Within the material below, filter for lines that hold the word "Padiglione".

___ Extracted data

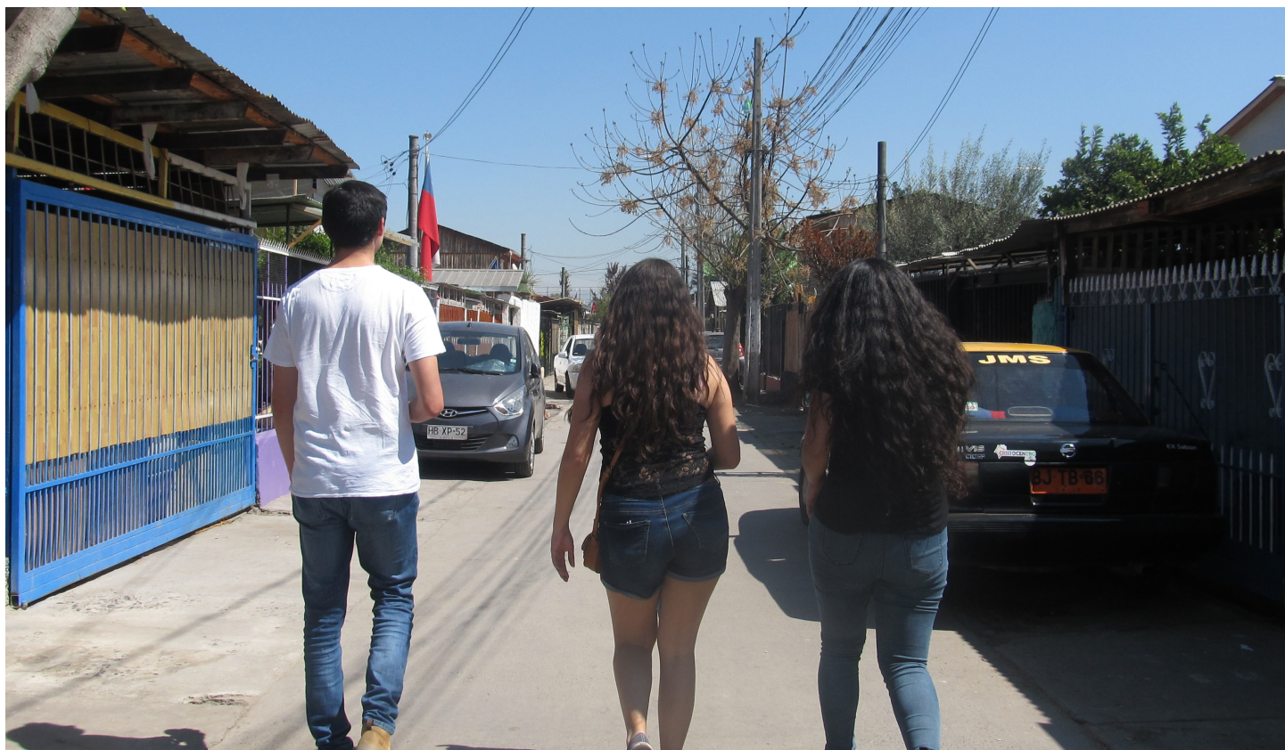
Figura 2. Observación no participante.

______
___ Extracted data

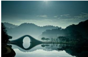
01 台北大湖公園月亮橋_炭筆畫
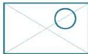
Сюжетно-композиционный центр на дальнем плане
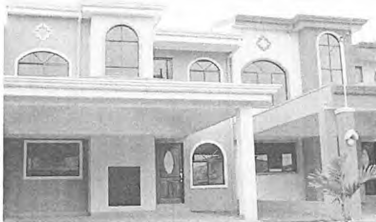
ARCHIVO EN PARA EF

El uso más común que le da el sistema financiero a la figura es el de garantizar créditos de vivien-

______
___ Extracted data

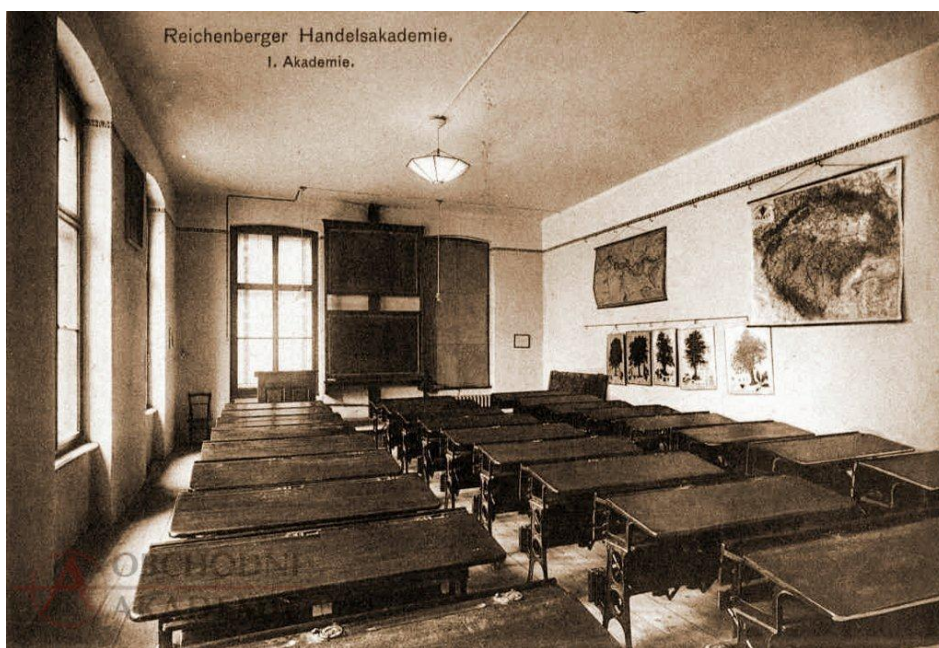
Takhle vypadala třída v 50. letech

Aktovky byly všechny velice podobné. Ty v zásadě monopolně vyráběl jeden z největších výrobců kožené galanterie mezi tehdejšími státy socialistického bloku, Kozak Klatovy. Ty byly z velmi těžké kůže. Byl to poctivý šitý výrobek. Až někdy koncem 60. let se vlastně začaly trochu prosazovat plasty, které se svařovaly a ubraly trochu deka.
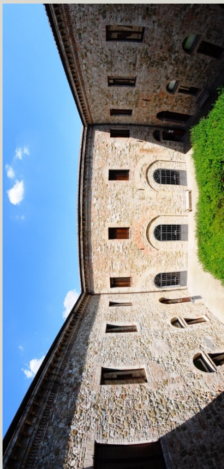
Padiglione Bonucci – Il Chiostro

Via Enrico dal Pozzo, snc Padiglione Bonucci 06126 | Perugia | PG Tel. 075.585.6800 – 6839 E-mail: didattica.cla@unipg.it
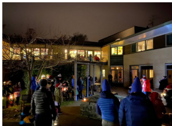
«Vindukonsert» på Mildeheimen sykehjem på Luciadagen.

______

Answer space:
Padiglione Bonucci – Il Chiostro
Via Enrico dal Pozzo, snc Padiglione Bonucci 06126 | Perugia | PG Tel. 075.585.6800 – 6839 E-mail: didattica.cla@unipg.it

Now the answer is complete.